• TRY IT
An exact copy of the data is needed, but without any of its images.

• DATASET SECTION

····················

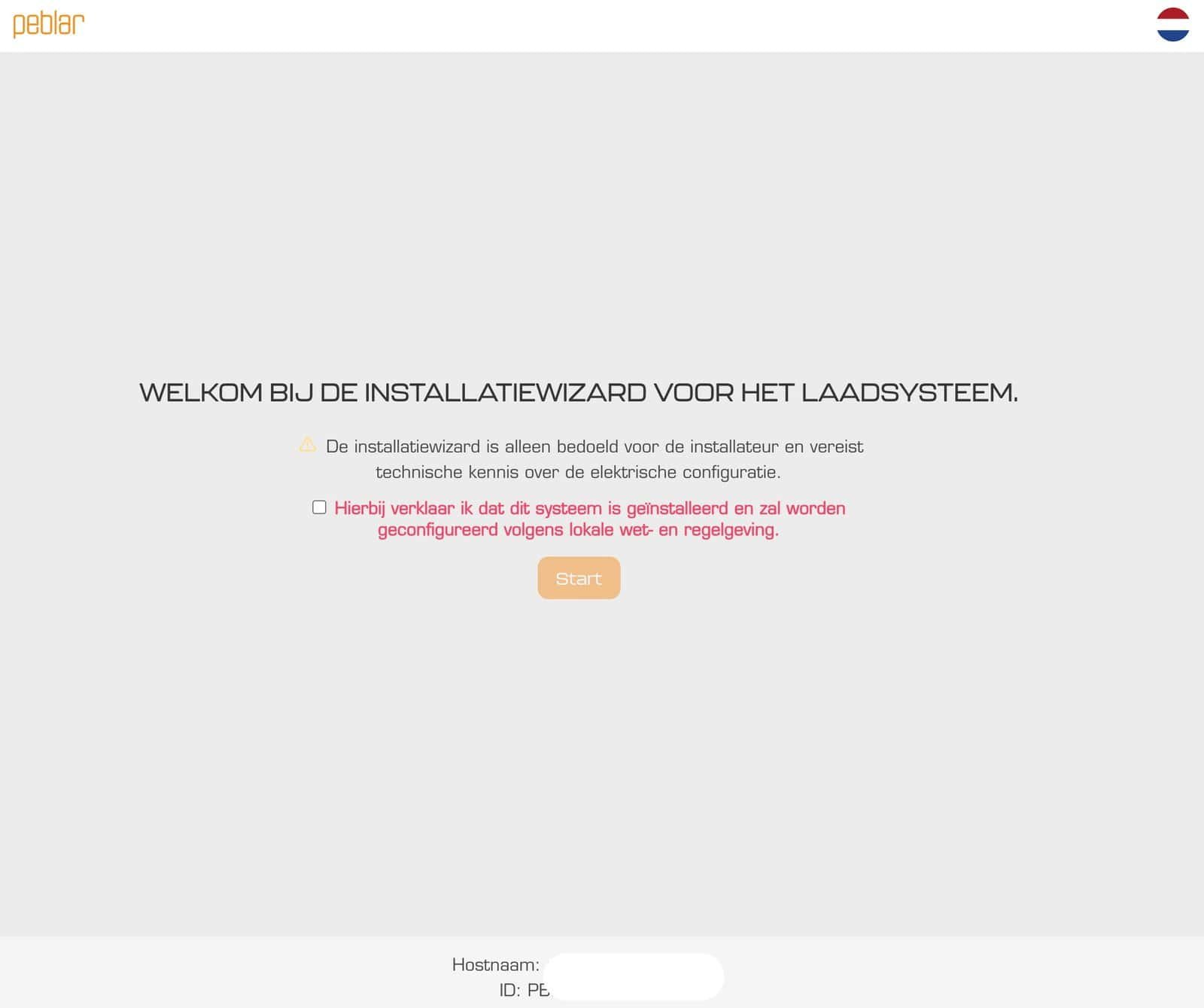 Normaal gesproken wordt de Peblar Business door een installateur geplaatst. Om je een idee te geven van de configuratie, zie je hieronder de verschillende schermen van de installatiewizard.
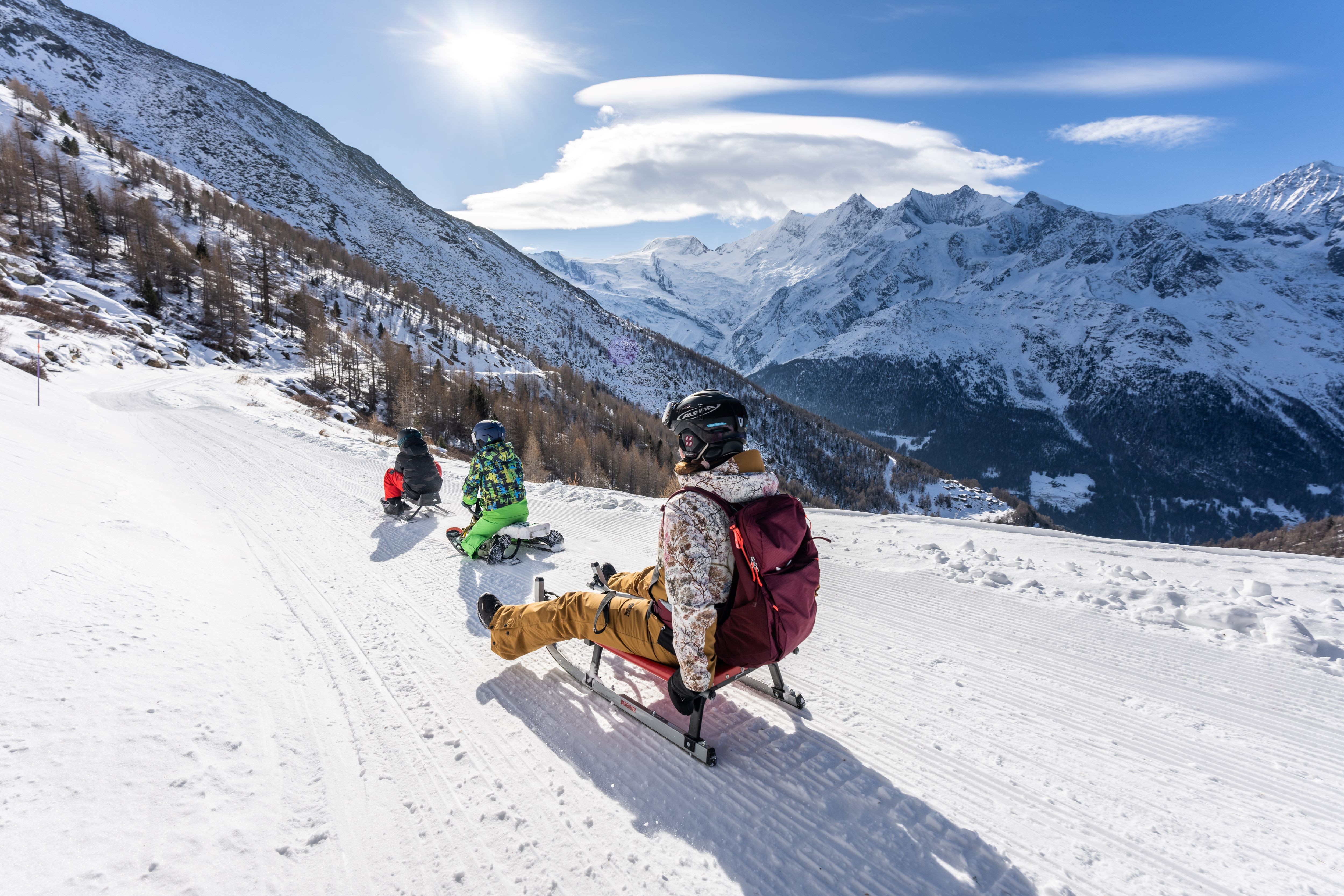 Auch ohne Ski saust du hier die Pisten runter! Schlitteln im Saastal sorgt bei Groß und Klein für strahlende Gesichter und jede Menge Spaß. Die Strecken sind zwischen drei und elf Kilometer lang und bieten rasante Action. Die Schlitten könnt ihr bequem an den Bergbahnen ausleihen, bevor ihr die spektakulären Abfahrten in Saas-Fee, Saas-Grund und Saas-Almagell in Angriff nehmt.
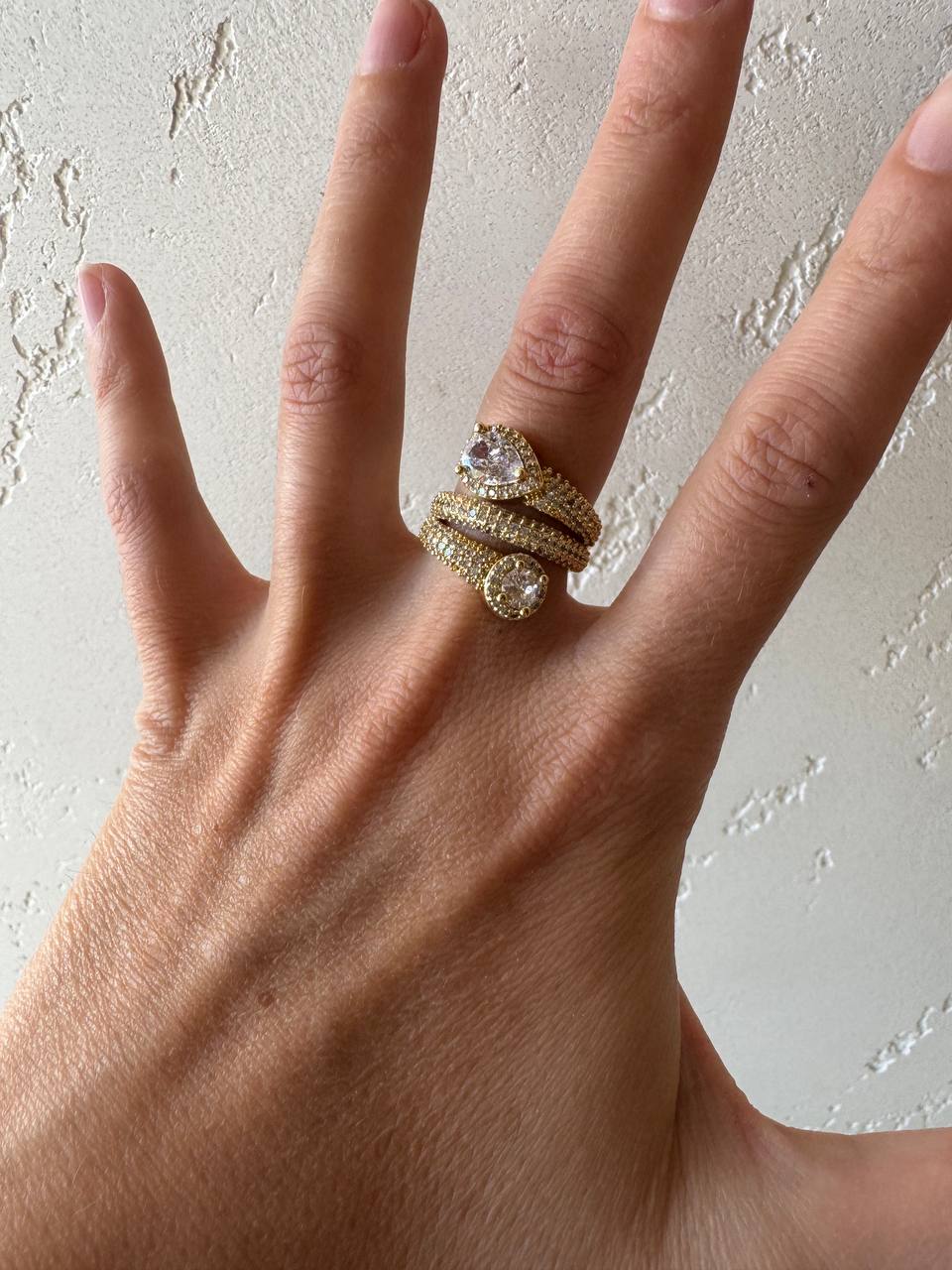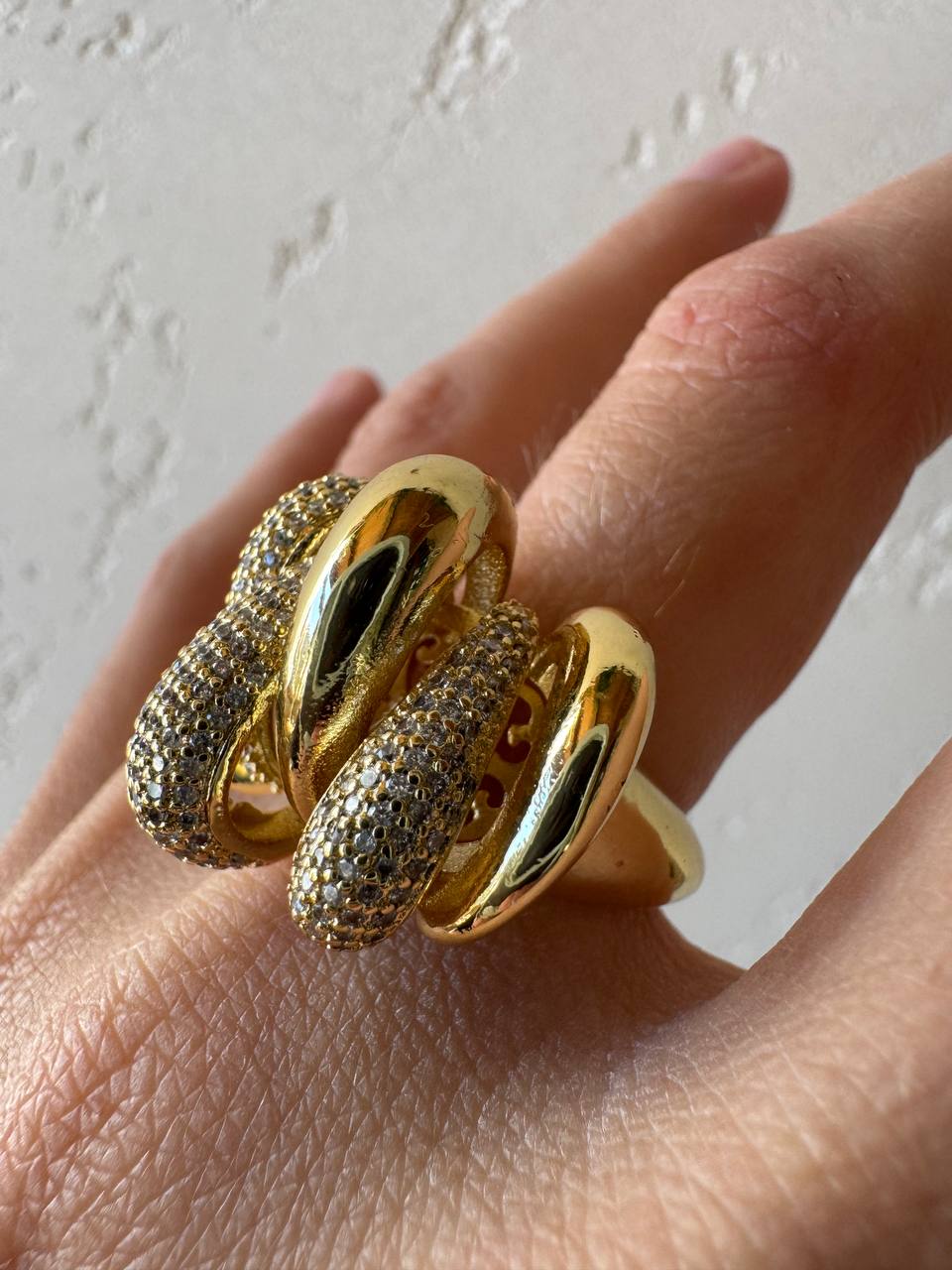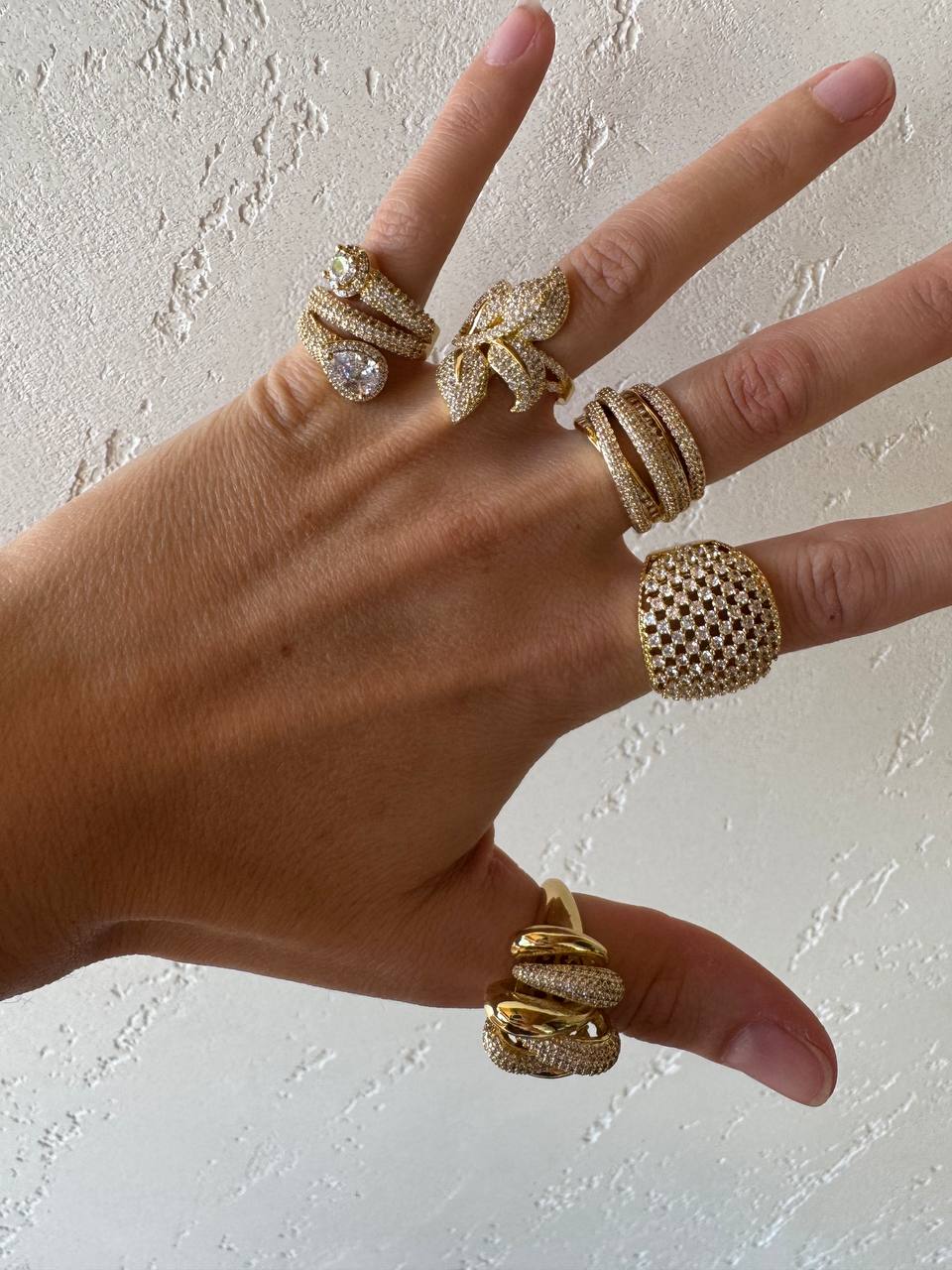 Una linea di anelli in ottone dorato e strass di carattere, di impatto , perfetti per chi vuol farsi notare.

····················

• EXPECTED ANSWER
 Normaal gesproken wordt de Peblar Business door een installateur geplaatst. Om je een idee te geven van de configuratie, zie je hieronder de verschillende schermen van de installatiewizard.
 Auch ohne Ski saust du hier die Pisten runter! Schlitteln im Saastal sorgt bei Groß und Klein für strahlende Gesichter und jede Menge Spaß. Die Strecken sind zwischen drei und elf Kilometer lang und bieten rasante Action. Die Schlitten könnt ihr bequem an den Bergbahnen ausleihen, bevor ihr die spektakulären Abfahrten in Saas-Fee, Saas-Grund und Saas-Almagell in Angriff nehmt.
 Una linea di anelli in ottone dorato e strass di carattere, di impatto , perfetti per chi vuol farsi notare.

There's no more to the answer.